■ Information supplied:
Content starts
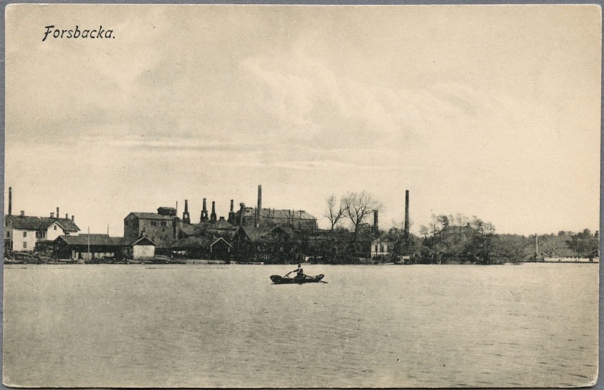Bild tagen över Forsbacka Järnvärk sett från stranden mitt emot.
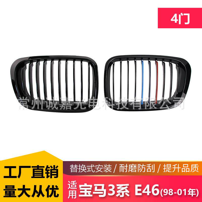 适用于宝马3系E4698-01年单杠三色中网老款四门改装双线进气格栅
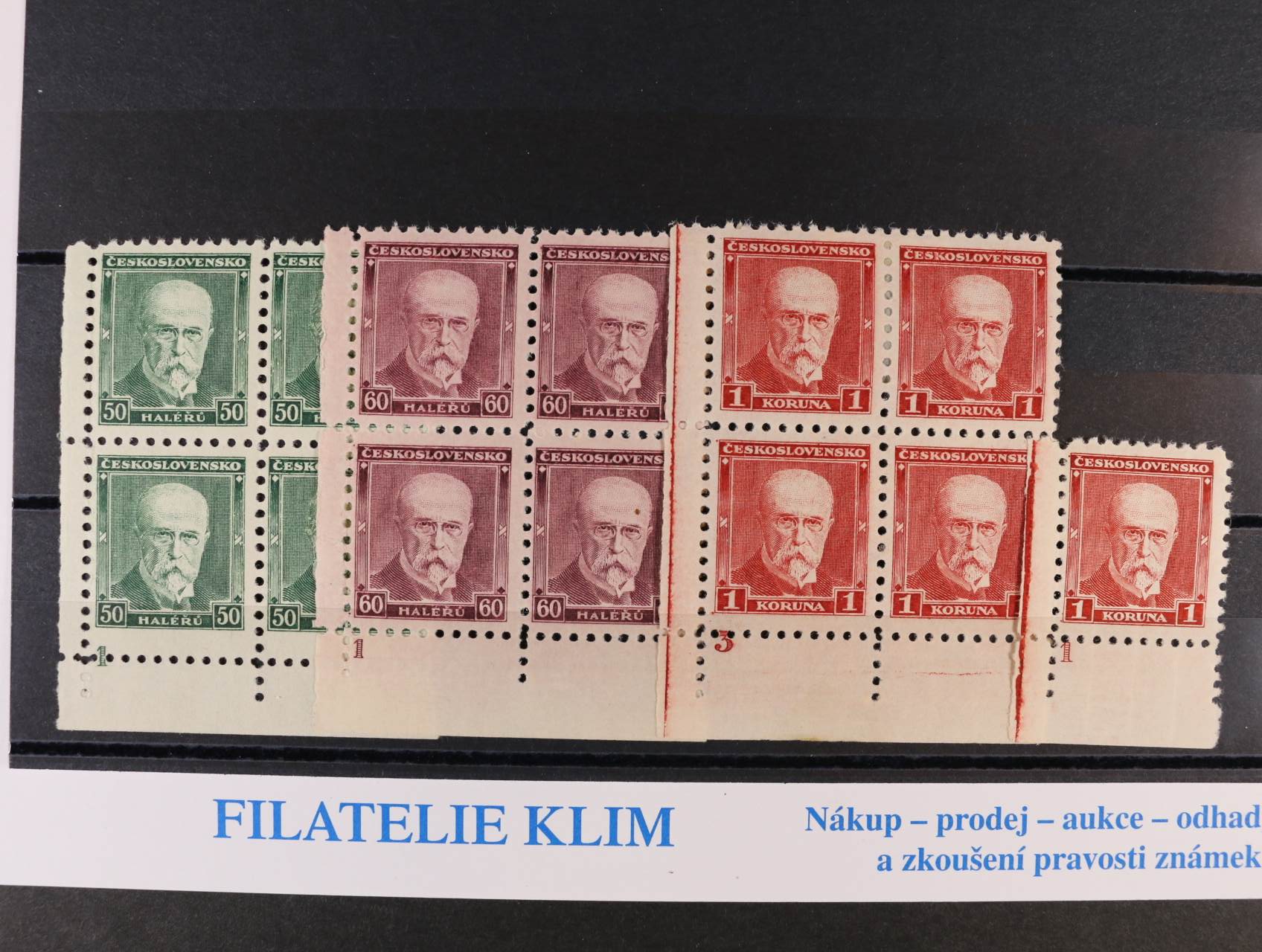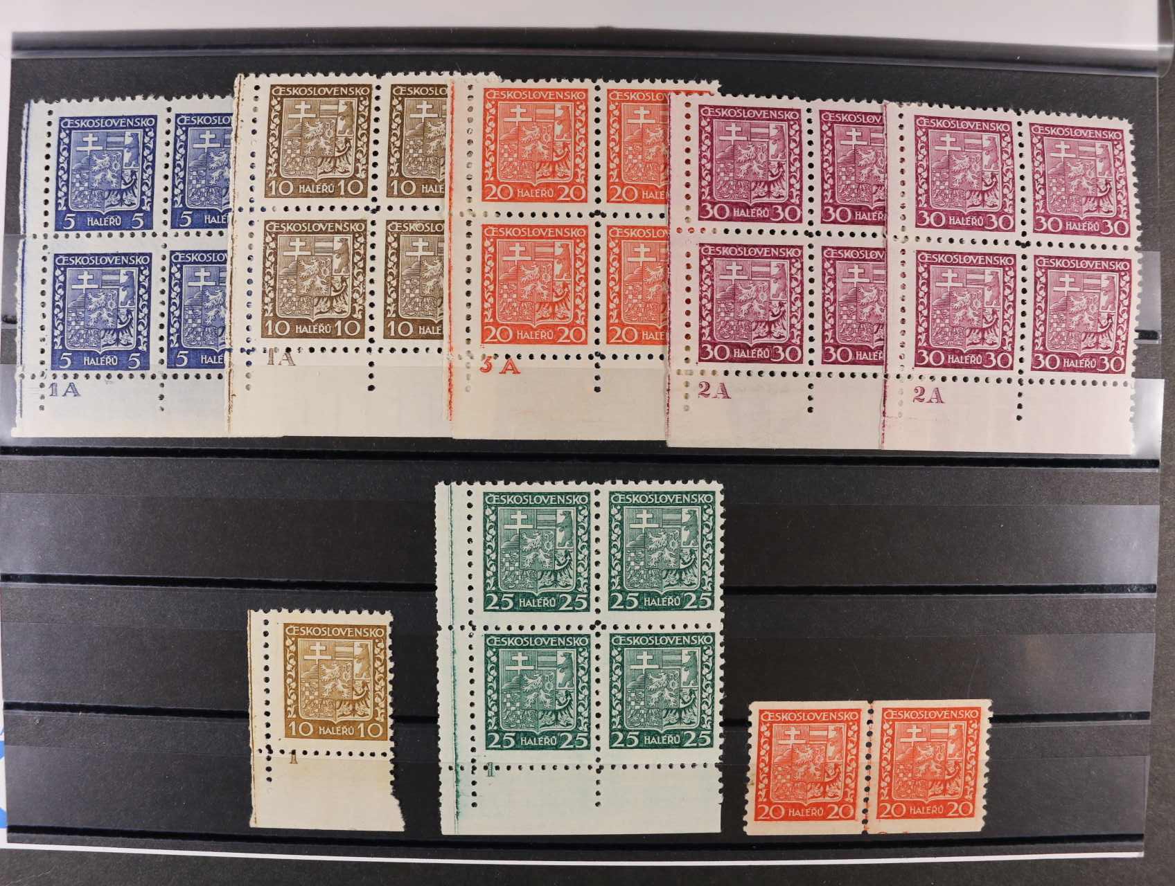 zn. č. 248 - 50, 52 - rohové čtyřbloky s DZ, zn. 249 - levý spodní roh. kus s DZ 1 v barvě olivově hnědé, zn. 251 - levý spodní roh. čtyřblok s DZ 1 a dvojitou svislou perforací na levém okraji, zn. 250x ve vodorovné dvoupásce s DZ 2A (nálepka), kat. cena cca 600 Kč
Content ends
■ Task description: The lines to be extracted begin at the line containing "适用于宝马3系E4698-01年单杠三色中网老款四门改装双线进气格栅" and continue through the final line of the material above, both ends included. Reproduce them exactly, without the pictures.

■ Solution to this exercise:
 适用于宝马3系E4698-01年单杠三色中网老款四门改装双线进气格栅
 zn. č. 248 - 50, 52 - rohové čtyřbloky s DZ, zn. 249 - levý spodní roh. kus s DZ 1 v barvě olivově hnědé, zn. 251 - levý spodní roh. čtyřblok s DZ 1 a dvojitou svislou perforací na levém okraji, zn. 250x ve vodorovné dvoupásce s DZ 2A (nálepka), kat. cena cca 600 Kč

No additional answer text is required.